* _Exercise brief_: Only the lines from the one with "KVALIFIKAČNÍ KURZ PRO" to the end of the listing below should be set down, exactly as written and without any pictures.

* _Raw data_:
******************************

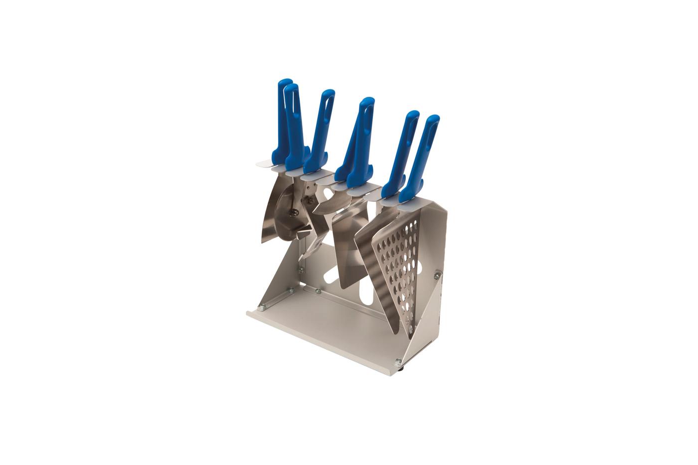 Porta accessori da banco, completamente in alluminio anodizzato. Può contenere fino a 9 accessori.
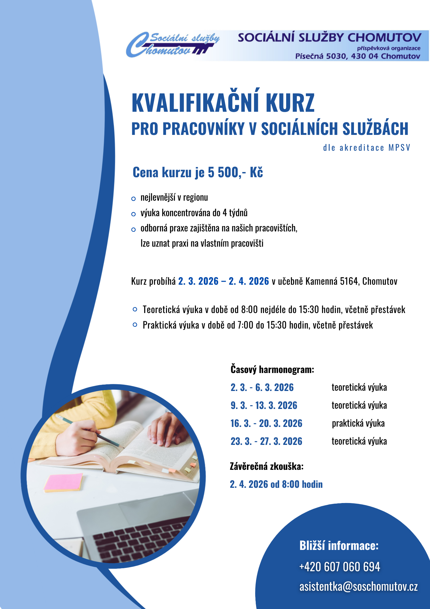 KVALIFIKAČNÍ KURZ PRO PRACOVNÍKY V SOCIÁLNÍCH SLUŽBÁCH.Více informací a přihláška ZDE.
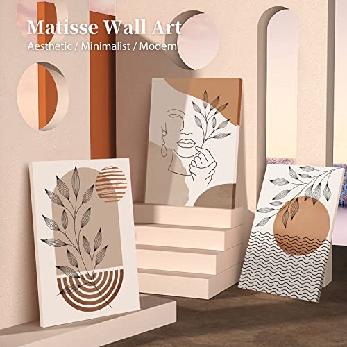 SERIMINO - SERIMINO Canvas Boho Wall Art, Minimalist Wall Decor Living Room, Mid-Century Modern Leaf Wall Decoration for Bedroom, Bohemian Moon and Line Painting for Bathroom, Home Decor Print Set

******************************

* _Output below_:
 KVALIFIKAČNÍ KURZ PRO PRACOVNÍKY V SOCIÁLNÍCH SLUŽBÁCH.Více informací a přihláška ZDE.
 SERIMINO - SERIMINO Canvas Boho Wall Art, Minimalist Wall Decor Living Room, Mid-Century Modern Leaf Wall Decoration for Bedroom, Bohemian Moon and Line Painting for Bathroom, Home Decor Print Set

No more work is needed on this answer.